* **Action item**
Your copy should hold the lines below from the first through the one that contains "打败老虎和浑天兽,班级挑战成", each retyped exactly, and no pictures.

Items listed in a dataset
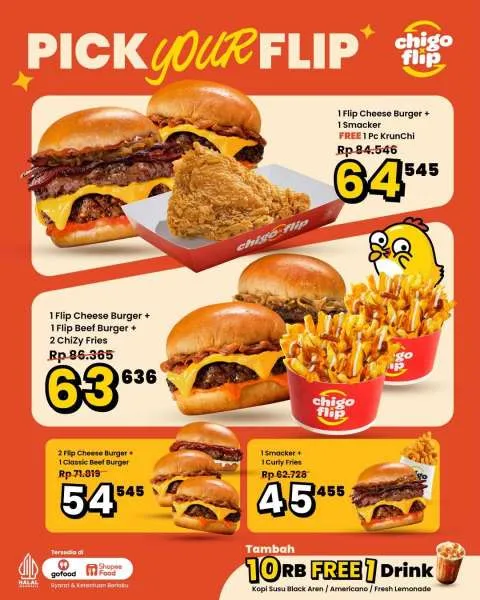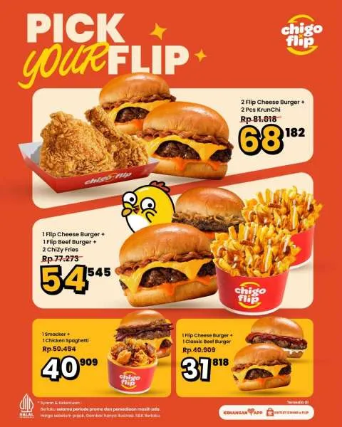 - 1 Flip Cheese Burger + 1 Flip Beef Burger + 2 ChiZy Fries (Rp 63.636)
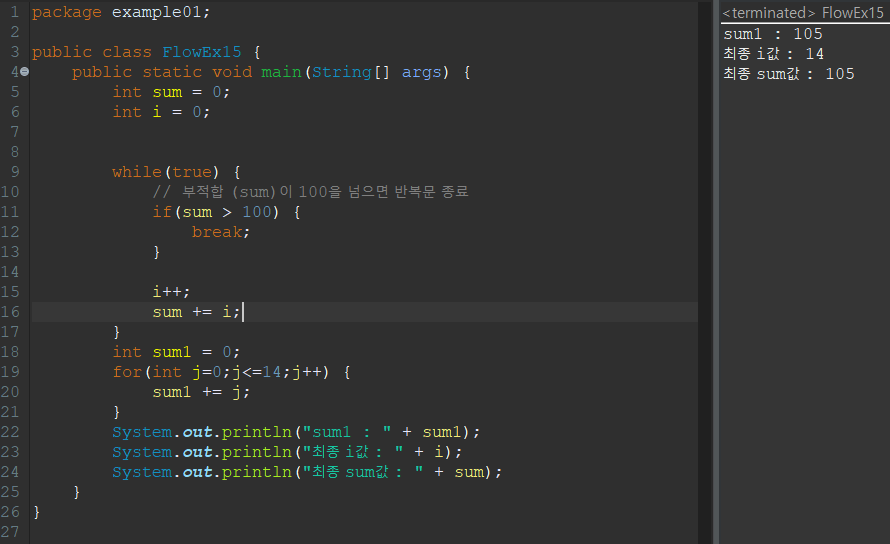 - break문은 자신이 포함된 가장 가까운 반복문을 벗어나며 주로 if문과 함께 사용되어 특정 조건을 만족하면 벗어나도록 하게 하는 예약어이다.
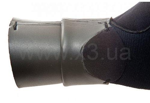 Двойная обтюрация исключает попадания воды в рукавицы и под костюм. Нижний обтюратор заправляется под костюм, а верхний поверх костюма. Неопрен полностью по швам проклеен и материал прошит двойным швом. Рукавицы анатомические, что позволяет долгое время неподвижно держать ружье.
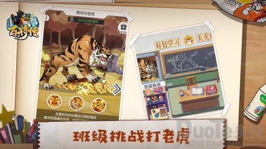 打败老虎和浑天兽,班级挑战成功,能获得丰厚的奖励。使用获得的班级弹珠,可以在【跳蚤市场】中购买装备。班级里还有通往【电脑城】的后门,趁大家不注意,偷偷和同学去玩组队挑战吧~那里也能收获班级弹珠哟~
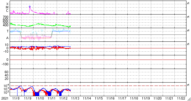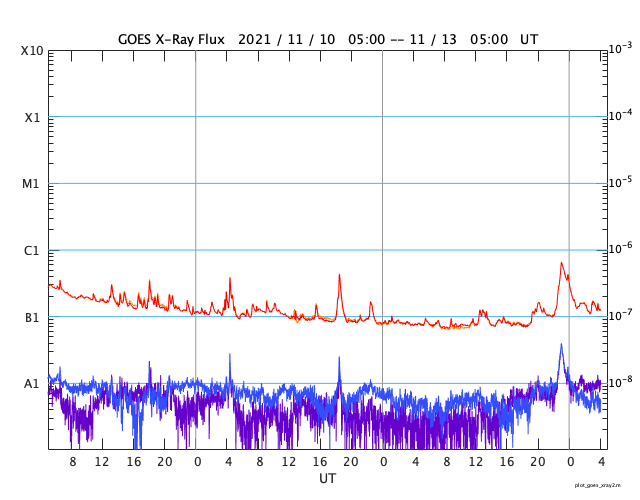 GOES衛星の太陽X線強度。赤・橙 = 0.1〜0.8 nm、青・紫 = 0.05〜0.4 nm (c) データ:NOAA/SWPC、作図:宇宙天気ニュース ![]() | ||||||||||||||||||||||||||||||||||||||||||||||||||||||||||||||||||||||||||||||||||||||||||||||||||||||||||||||||||||||||||||||||||||||||||||||||||||||||||||||||||||||||||||||||||||||||||||||||||||||||||||||||||||

* **Expected answer**
 - 1 Flip Cheese Burger + 1 Flip Beef Burger + 2 ChiZy Fries (Rp 63.636)
 - break문은 자신이 포함된 가장 가까운 반복문을 벗어나며 주로 if문과 함께 사용되어 특정 조건을 만족하면 벗어나도록 하게 하는 예약어이다.
 Двойная обтюрация исключает попадания воды в рукавицы и под костюм. Нижний обтюратор заправляется под костюм, а верхний поверх костюма. Неопрен полностью по швам проклеен и материал прошит двойным швом. Рукавицы анатомические, что позволяет долгое время неподвижно держать ружье.
 打败老虎和浑天兽,班级挑战成功,能获得丰厚的奖励。使用获得的班级弹珠,可以在【跳蚤市场】中购买装备。班级里还有通往【电脑城】的后门,趁大家不注意,偷偷和同学去玩组队挑战吧~那里也能收获班级弹珠哟~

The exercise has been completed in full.